_Work instructions_:
Please copy, exactly as they appear below, the lines from the one containing "À Papa/Ppai - Porte-Clés" through the one containing "ベーシックスクールの仕組みを".

_Record extracts_:
* * * *
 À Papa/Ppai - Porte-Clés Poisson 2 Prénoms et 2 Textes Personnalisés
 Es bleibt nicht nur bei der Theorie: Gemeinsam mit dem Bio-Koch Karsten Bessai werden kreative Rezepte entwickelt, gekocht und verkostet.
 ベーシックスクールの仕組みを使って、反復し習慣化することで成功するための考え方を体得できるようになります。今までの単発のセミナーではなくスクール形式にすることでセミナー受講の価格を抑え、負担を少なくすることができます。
* * * *
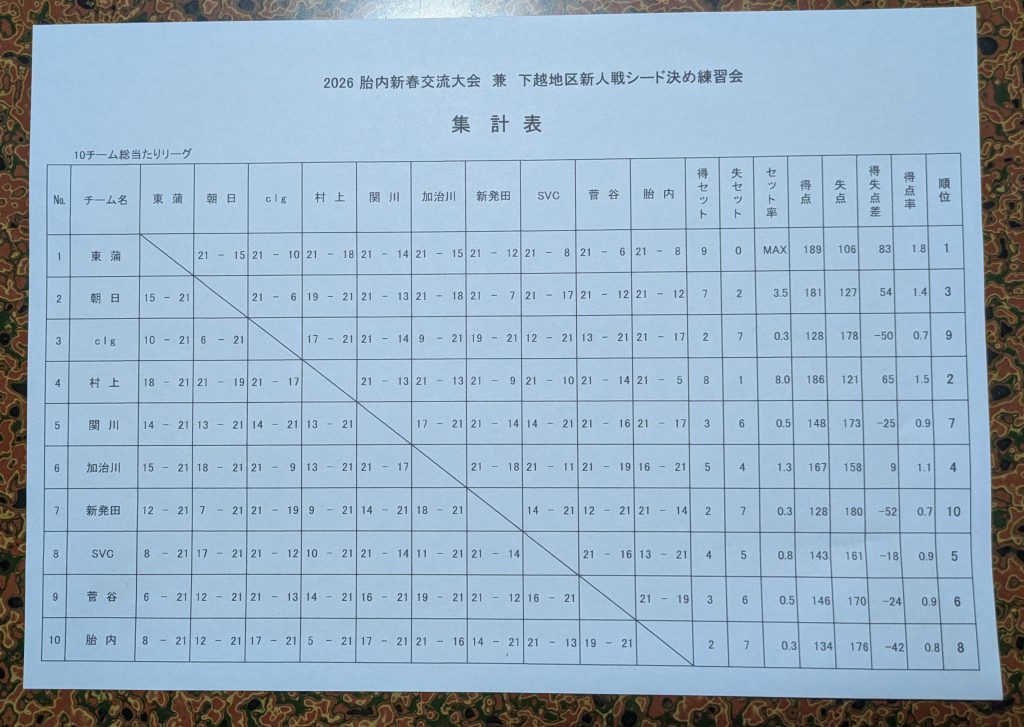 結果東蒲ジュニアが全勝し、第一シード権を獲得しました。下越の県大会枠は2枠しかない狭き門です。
* * * *
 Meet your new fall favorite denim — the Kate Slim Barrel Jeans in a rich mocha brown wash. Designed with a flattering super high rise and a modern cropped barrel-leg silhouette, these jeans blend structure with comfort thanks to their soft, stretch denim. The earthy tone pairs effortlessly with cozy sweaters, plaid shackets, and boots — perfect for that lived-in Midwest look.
* * * *
_Task output_:
 À Papa/Ppai - Porte-Clés Poisson 2 Prénoms et 2 Textes Personnalisés
 Es bleibt nicht nur bei der Theorie: Gemeinsam mit dem Bio-Koch Karsten Bessai werden kreative Rezepte entwickelt, gekocht und verkostet.
 ベーシックスクールの仕組みを使って、反復し習慣化することで成功するための考え方を体得できるようになります。今までの単発のセミナーではなくスクール形式にすることでセミナー受講の価格を抑え、負担を少なくすることができます。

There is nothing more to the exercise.